RECORDS SHOWN

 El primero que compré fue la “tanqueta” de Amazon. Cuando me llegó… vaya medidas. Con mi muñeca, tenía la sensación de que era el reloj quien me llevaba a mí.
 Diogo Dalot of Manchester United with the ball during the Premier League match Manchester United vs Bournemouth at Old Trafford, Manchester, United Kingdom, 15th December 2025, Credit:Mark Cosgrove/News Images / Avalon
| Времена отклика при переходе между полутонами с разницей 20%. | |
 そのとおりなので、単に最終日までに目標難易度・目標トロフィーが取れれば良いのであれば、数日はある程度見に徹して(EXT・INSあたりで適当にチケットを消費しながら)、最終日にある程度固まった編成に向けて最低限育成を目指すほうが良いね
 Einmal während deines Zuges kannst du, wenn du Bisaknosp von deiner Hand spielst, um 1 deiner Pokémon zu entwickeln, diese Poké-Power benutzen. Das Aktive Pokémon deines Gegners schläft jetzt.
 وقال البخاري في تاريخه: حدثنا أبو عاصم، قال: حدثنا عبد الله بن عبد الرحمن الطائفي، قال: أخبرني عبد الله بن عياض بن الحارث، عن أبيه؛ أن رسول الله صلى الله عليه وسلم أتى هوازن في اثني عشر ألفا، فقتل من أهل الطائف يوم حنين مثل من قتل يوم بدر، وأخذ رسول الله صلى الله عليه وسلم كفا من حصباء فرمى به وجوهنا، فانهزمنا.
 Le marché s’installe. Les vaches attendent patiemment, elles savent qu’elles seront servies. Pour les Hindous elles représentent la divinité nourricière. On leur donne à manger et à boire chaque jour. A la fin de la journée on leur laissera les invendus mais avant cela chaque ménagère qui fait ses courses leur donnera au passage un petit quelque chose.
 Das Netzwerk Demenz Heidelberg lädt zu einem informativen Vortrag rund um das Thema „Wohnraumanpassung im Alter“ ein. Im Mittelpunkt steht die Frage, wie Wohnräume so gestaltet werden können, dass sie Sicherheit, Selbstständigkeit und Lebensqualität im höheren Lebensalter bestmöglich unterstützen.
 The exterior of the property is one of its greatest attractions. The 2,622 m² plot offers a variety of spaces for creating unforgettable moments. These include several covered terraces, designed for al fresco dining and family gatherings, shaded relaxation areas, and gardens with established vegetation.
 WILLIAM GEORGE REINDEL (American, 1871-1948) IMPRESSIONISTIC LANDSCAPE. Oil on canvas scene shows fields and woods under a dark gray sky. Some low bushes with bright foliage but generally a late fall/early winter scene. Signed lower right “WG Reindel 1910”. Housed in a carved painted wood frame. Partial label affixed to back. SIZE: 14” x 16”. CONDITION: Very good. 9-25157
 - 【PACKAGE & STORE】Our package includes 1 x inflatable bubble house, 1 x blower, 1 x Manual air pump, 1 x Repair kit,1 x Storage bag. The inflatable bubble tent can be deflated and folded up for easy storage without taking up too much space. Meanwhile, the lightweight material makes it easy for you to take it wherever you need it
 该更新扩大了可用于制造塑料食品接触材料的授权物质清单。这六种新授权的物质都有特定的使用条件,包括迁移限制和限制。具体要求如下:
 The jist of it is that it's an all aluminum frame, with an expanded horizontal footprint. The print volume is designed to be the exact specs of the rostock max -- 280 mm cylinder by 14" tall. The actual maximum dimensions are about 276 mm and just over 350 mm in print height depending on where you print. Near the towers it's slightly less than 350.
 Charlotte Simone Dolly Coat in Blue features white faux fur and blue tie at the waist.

TASK STATEMENT
Reproduce the full listing word for word.

TASK ANSWER
 El primero que compré fue la “tanqueta” de Amazon. Cuando me llegó… vaya medidas. Con mi muñeca, tenía la sensación de que era el reloj quien me llevaba a mí.
 Diogo Dalot of Manchester United with the ball during the Premier League match Manchester United vs Bournemouth at Old Trafford, Manchester, United Kingdom, 15th December 2025, Credit:Mark Cosgrove/News Images / Avalon
| Времена отклика при переходе между полутонами с разницей 20%. | |
 そのとおりなので、単に最終日までに目標難易度・目標トロフィーが取れれば良いのであれば、数日はある程度見に徹して(EXT・INSあたりで適当にチケットを消費しながら)、最終日にある程度固まった編成に向けて最低限育成を目指すほうが良いね
 Einmal während deines Zuges kannst du, wenn du Bisaknosp von deiner Hand spielst, um 1 deiner Pokémon zu entwickeln, diese Poké-Power benutzen. Das Aktive Pokémon deines Gegners schläft jetzt.
 وقال البخاري في تاريخه: حدثنا أبو عاصم، قال: حدثنا عبد الله بن عبد الرحمن الطائفي، قال: أخبرني عبد الله بن عياض بن الحارث، عن أبيه؛ أن رسول الله صلى الله عليه وسلم أتى هوازن في اثني عشر ألفا، فقتل من أهل الطائف يوم حنين مثل من قتل يوم بدر، وأخذ رسول الله صلى الله عليه وسلم كفا من حصباء فرمى به وجوهنا، فانهزمنا.
 Le marché s’installe. Les vaches attendent patiemment, elles savent qu’elles seront servies. Pour les Hindous elles représentent la divinité nourricière. On leur donne à manger et à boire chaque jour. A la fin de la journée on leur laissera les invendus mais avant cela chaque ménagère qui fait ses courses leur donnera au passage un petit quelque chose.
 Das Netzwerk Demenz Heidelberg lädt zu einem informativen Vortrag rund um das Thema „Wohnraumanpassung im Alter“ ein. Im Mittelpunkt steht die Frage, wie Wohnräume so gestaltet werden können, dass sie Sicherheit, Selbstständigkeit und Lebensqualität im höheren Lebensalter bestmöglich unterstützen.
 The exterior of the property is one of its greatest attractions. The 2,622 m² plot offers a variety of spaces for creating unforgettable moments. These include several covered terraces, designed for al fresco dining and family gatherings, shaded relaxation areas, and gardens with established vegetation.
 WILLIAM GEORGE REINDEL (American, 1871-1948) IMPRESSIONISTIC LANDSCAPE. Oil on canvas scene shows fields and woods under a dark gray sky. Some low bushes with bright foliage but generally a late fall/early winter scene. Signed lower right “WG Reindel 1910”. Housed in a carved painted wood frame. Partial label affixed to back. SIZE: 14” x 16”. CONDITION: Very good. 9-25157
 - 【PACKAGE & STORE】Our package includes 1 x inflatable bubble house, 1 x blower, 1 x Manual air pump, 1 x Repair kit,1 x Storage bag. The inflatable bubble tent can be deflated and folded up for easy storage without taking up too much space. Meanwhile, the lightweight material makes it easy for you to take it wherever you need it
 该更新扩大了可用于制造塑料食品接触材料的授权物质清单。这六种新授权的物质都有特定的使用条件,包括迁移限制和限制。具体要求如下:
 The jist of it is that it's an all aluminum frame, with an expanded horizontal footprint. The print volume is designed to be the exact specs of the rostock max -- 280 mm cylinder by 14" tall. The actual maximum dimensions are about 276 mm and just over 350 mm in print height depending on where you print. Near the towers it's slightly less than 350.
 Charlotte Simone Dolly Coat in Blue features white faux fur and blue tie at the waist.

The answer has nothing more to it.